▶ **Aim of the task**: In the data below, find the line with "Simple and stylish, the" and the line with "吸入口とアルミ蛇腹をバンドで固定するだけの簡単取付仕様。", then restate both and every line between them exactly, minus the pictures.

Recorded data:
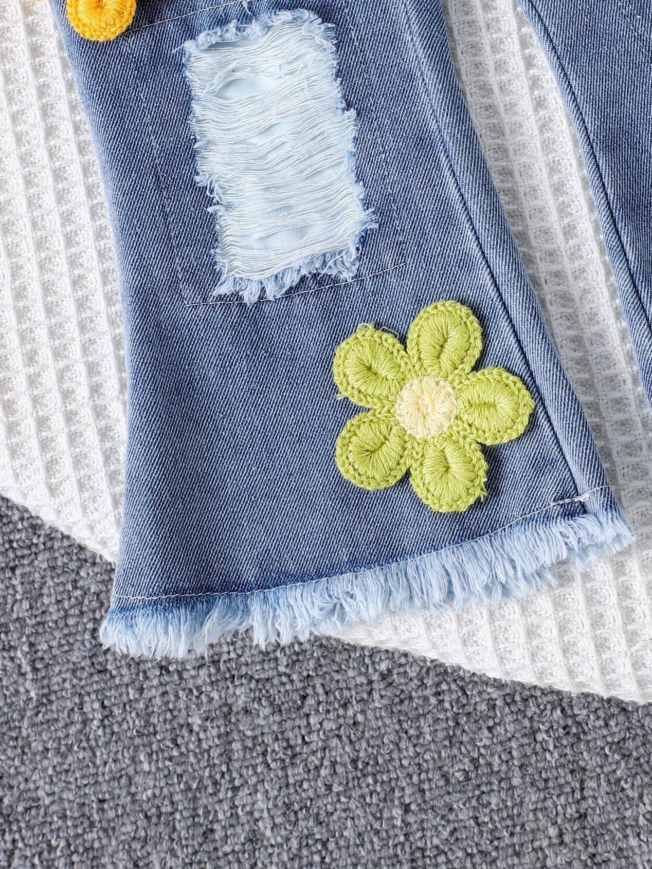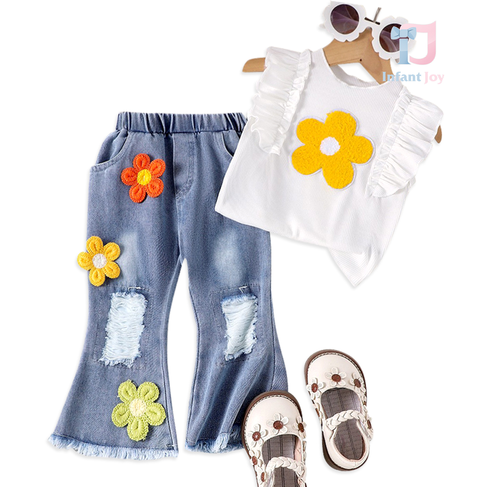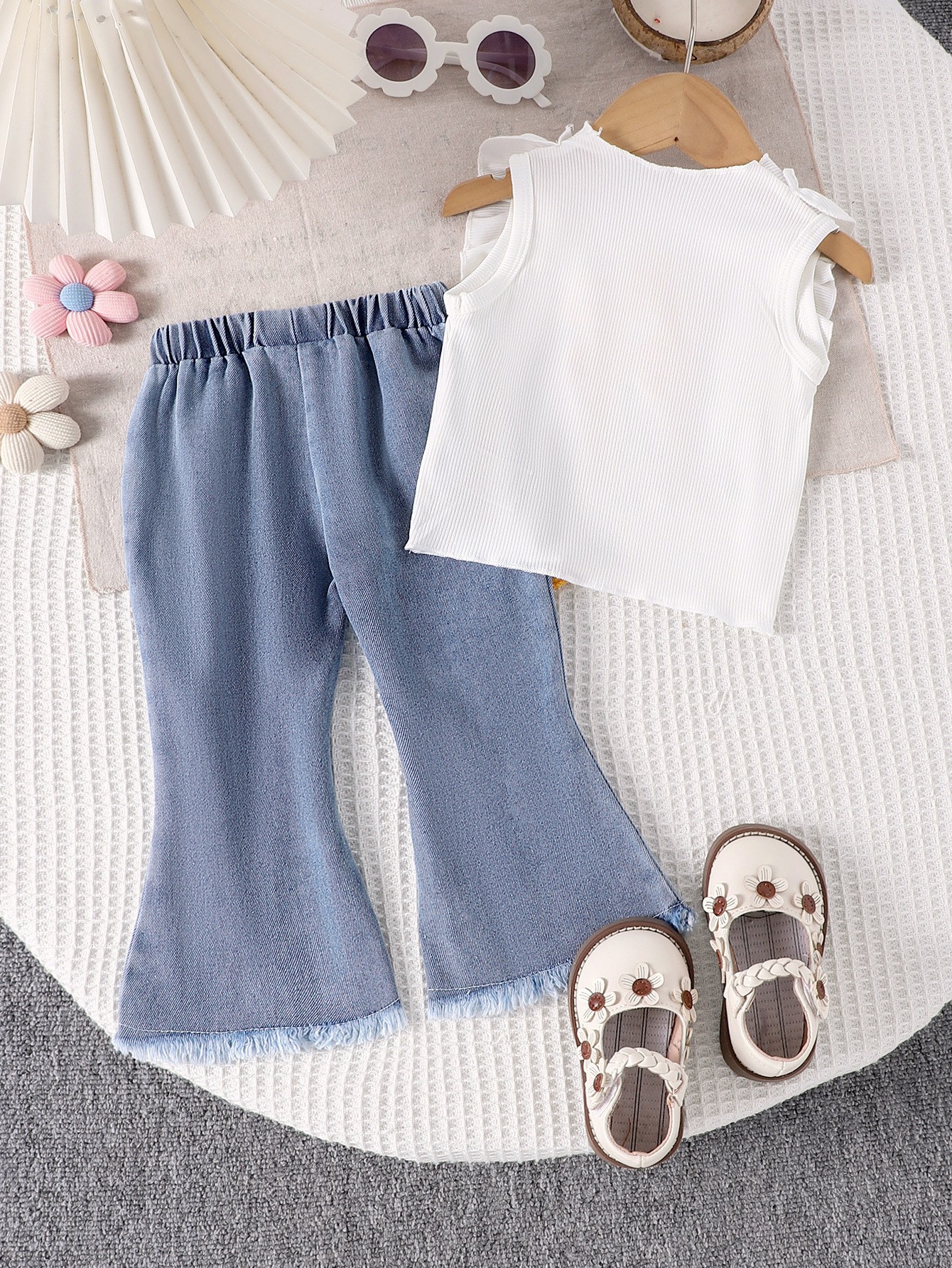 Set de 2 piese cu top cu volane, elemente 3D și pantaloni denim tip Charleston Flower Groove
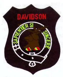 While at Killarney Heights High School in 1972, the parents of the first students were granted permission by the Lairds of the Clan Davidson to assume the crest badge, motto, and tartan of Clan Davidson of Tulloch in Scotland.[2] The arms of Davidson of Tulloch were matriculated to Duncan Davidson (1865–1917) by grant of the Court of the Lord Lyon on 12 April 1906.[19] The clan's distinctive tartan colours, motto, and the stag's head crest were incorporated in the school badge, which took the form of an ornate shield with the school name. The Davidson of Tulloch and original Davidson High motto (enclosed within a heraldic belt) – Latin: Sapienter si Sincere – means 'Wisely if Sincerely' or alternately, 'with wisdom if with sincerity'.[2][20]
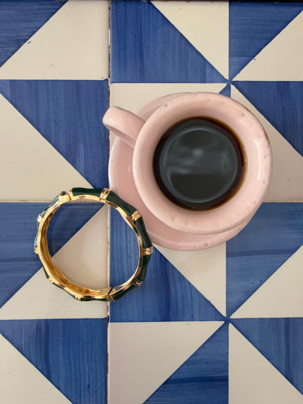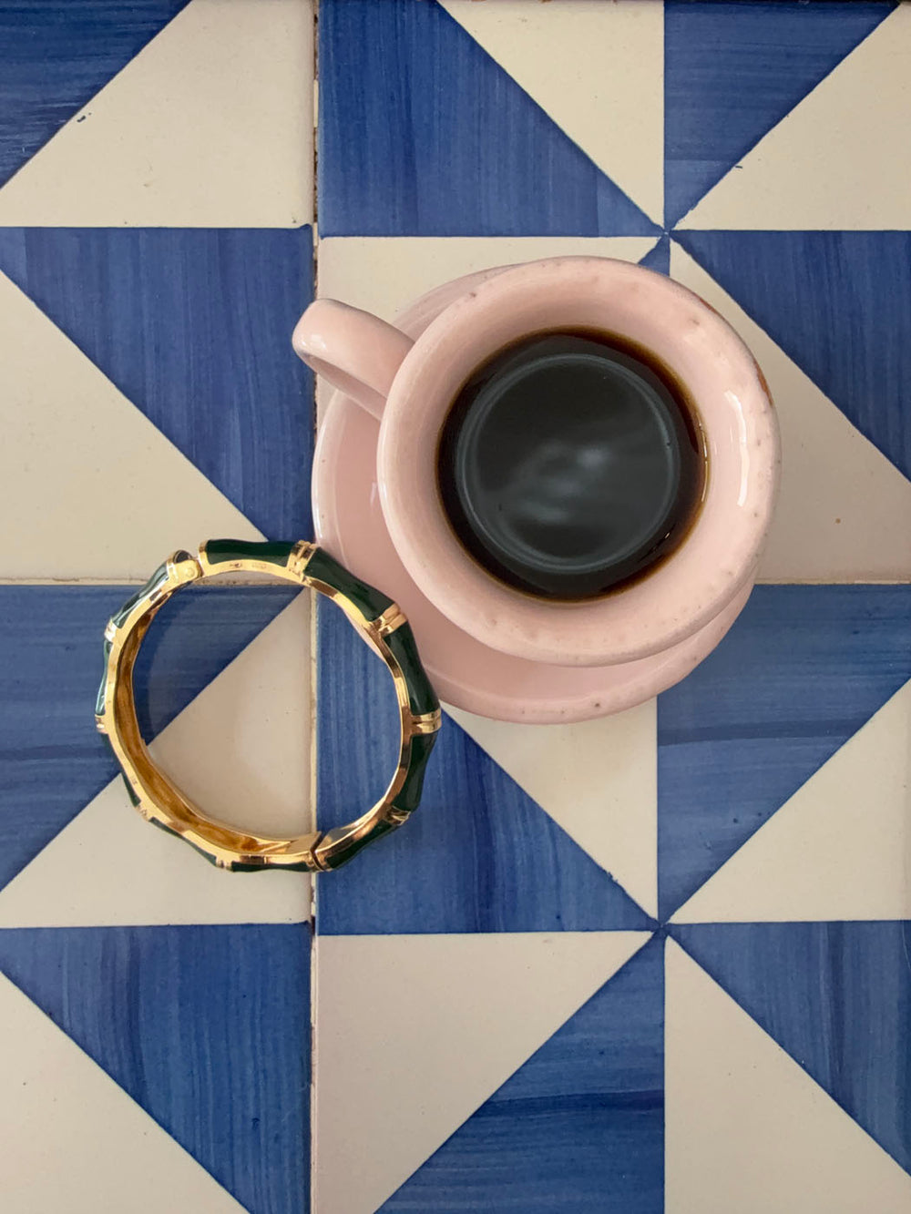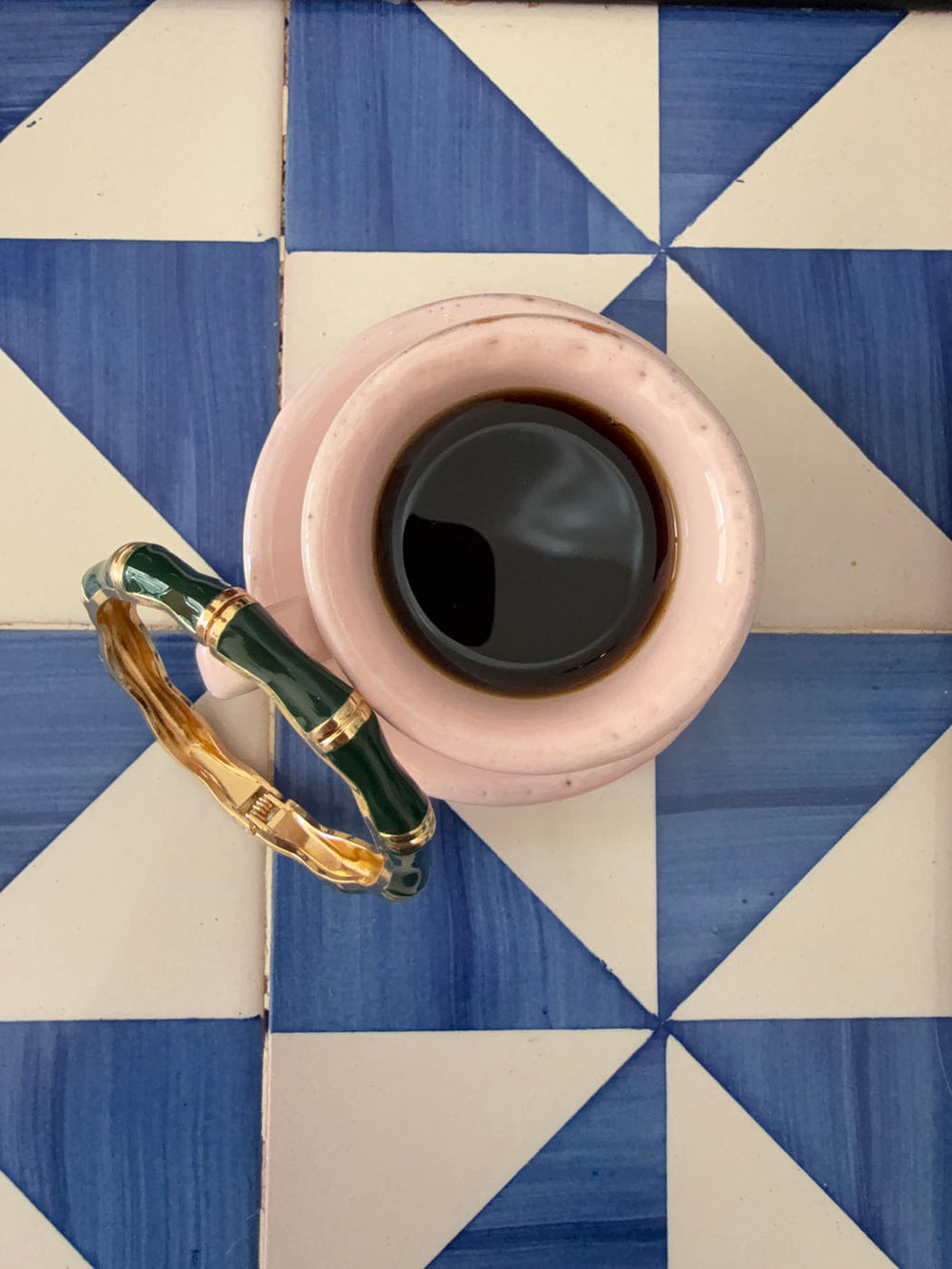 Et karakterfuldt armring-armbånd med gyldent metal og buede farvesegmenter i en smuk grøn nuance. Designet er skulpturelt og organisk, hvilket giver armbåndet et unikt og iøjnefaldende udtryk. Perfekt som statement-accessory til både hverdag og fest.
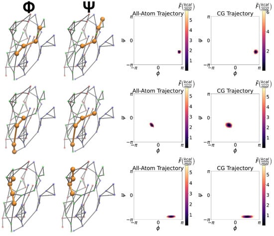The torsion angle distribution can be plotted to depict the unimodality in Figure A1 and thus confirm the choice of n = 1 as the multiplicity for the periodic representations. The distributions in Figure A1 present more common conformations with the yellow color, where the means are the respective equilibrium states. While quadratic, or n = 0 representation also fits this unimodality, we understand that long-term secondary structural changes are unlikely to be modeled properly with this quadratic dihedral form. Thus, we favor the use of the periodic form, which lends itself to more flexibility in case of additional states.
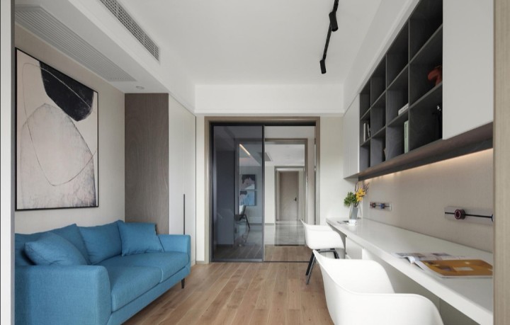 厅灰色为主基调的现代风格。简化的墙面处理,只在觉得有必要的区域使用了灰色木饰。放弃主灯,多种光源组合照明及装饰。
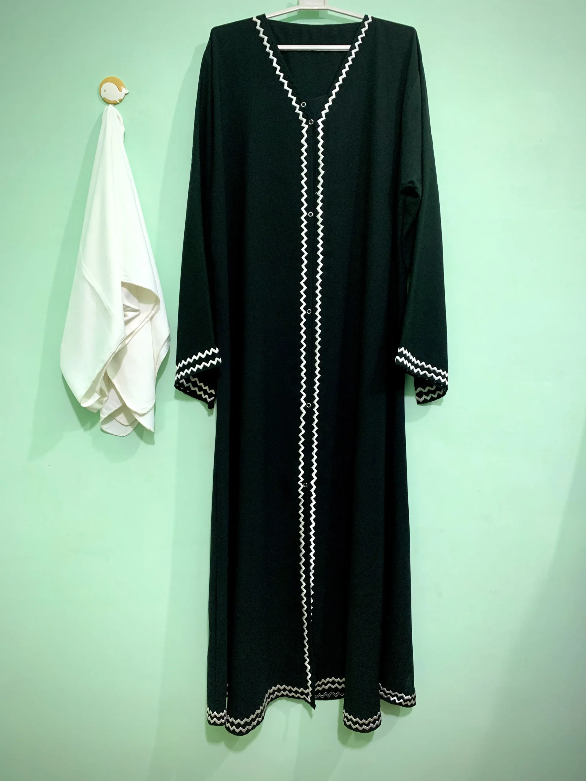 Simple and stylish, the Black Zigzag Abaya comes in a deep black color with white zigzag embroidery on the front, sleeves, and bottom. Made with soft fabric, it is comfortable to wear and perfect for any occasion.
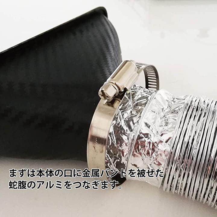 吸入口とアルミ蛇腹をバンドで固定するだけの簡単取付仕様。
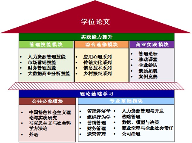 师大MBA课程体系由理论基础学习、实践能力提升和学位论文三个部分组成。理论基础学习全部为通用性、基础性课程,能够为MBA学生后续的学习打下坚实基础。在理论基础学习后开设实践能力提升课程,MBA学生可以根据个人的需要选修管理技能模块和综合选修模块的课程,进行个性化的学习。与此同时,借助甘肃省地处丝绸之路黄金段的地理优势和学院在乡村振兴研究方面的积累,开设内容丰富,形式多样的第二课堂,与西部民族特色企业、涉农企业共同打造合作平台,合作开发实践类课程,开展管理论坛、企业参访、移动课堂等活动,增强MBA学生与企业的互动交流。在最后的学位论文阶段,MBA学生可以结合自己的工作实际和学习兴趣,完成综合性、实践性的学位论文,达到将在校所学融汇贯通、深入掌握的目的。
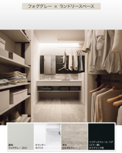 まず一つ目はクローゼット付近への設置です。朝の身支度を効率化したい方にとって非常に相性の良い配置です。たとえばファミリークローゼットの近くに洗面台を設けることで、「起きる→顔を洗う→着替える→身だしなみを整える」という一連の流れが一か所で完結します。特に共働き世帯やお子様のいるご家庭では、朝の混雑を軽減できるメリットも大きいでしょう。また、洗濯後の衣類をそのまま収納できる動線と組み合わせれば、家事効率の向上にもつながります。その配置では一方で、水はねや湿気の対策、収納スペースとのバランスに注意が必要です。内装材の選定や換気計画をしっかり行うことがポイントになります。
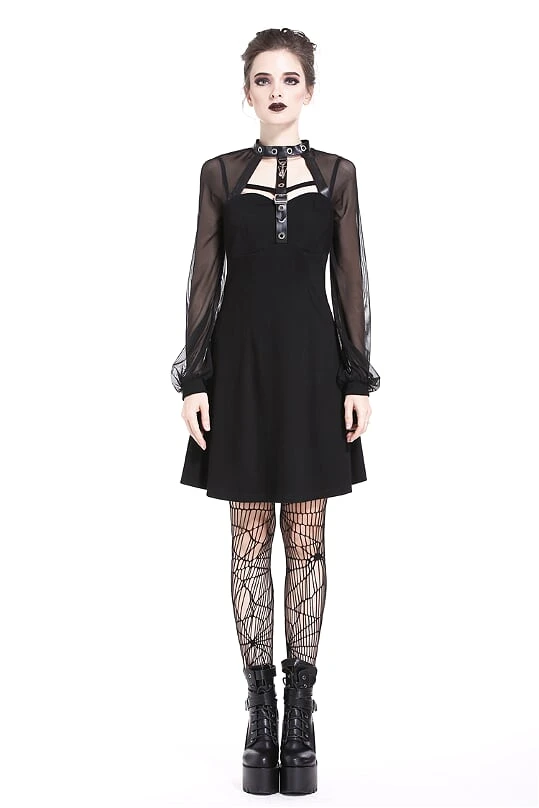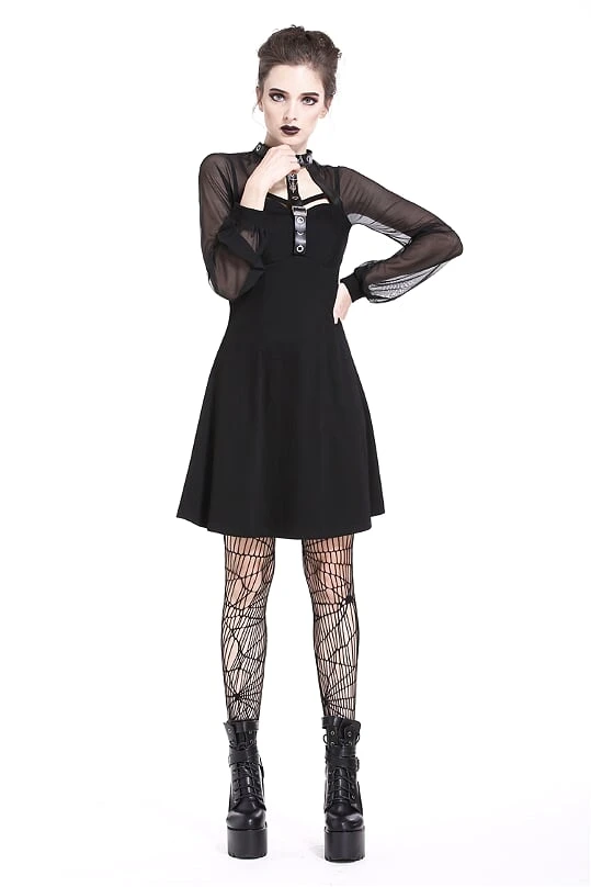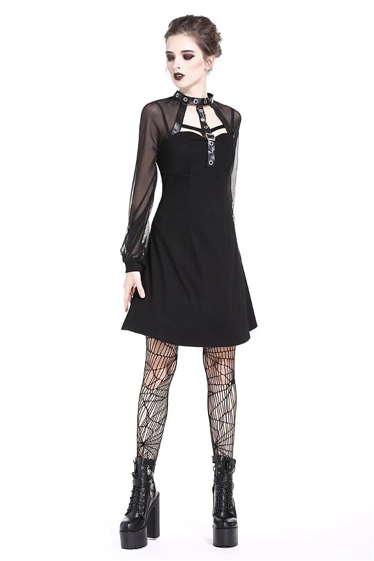 Punk mesh sleeve halter dress.

▶ **Answer section**:
 Simple and stylish, the Black Zigzag Abaya comes in a deep black color with white zigzag embroidery on the front, sleeves, and bottom. Made with soft fabric, it is comfortable to wear and perfect for any occasion.
 吸入口とアルミ蛇腹をバンドで固定するだけの簡単取付仕様。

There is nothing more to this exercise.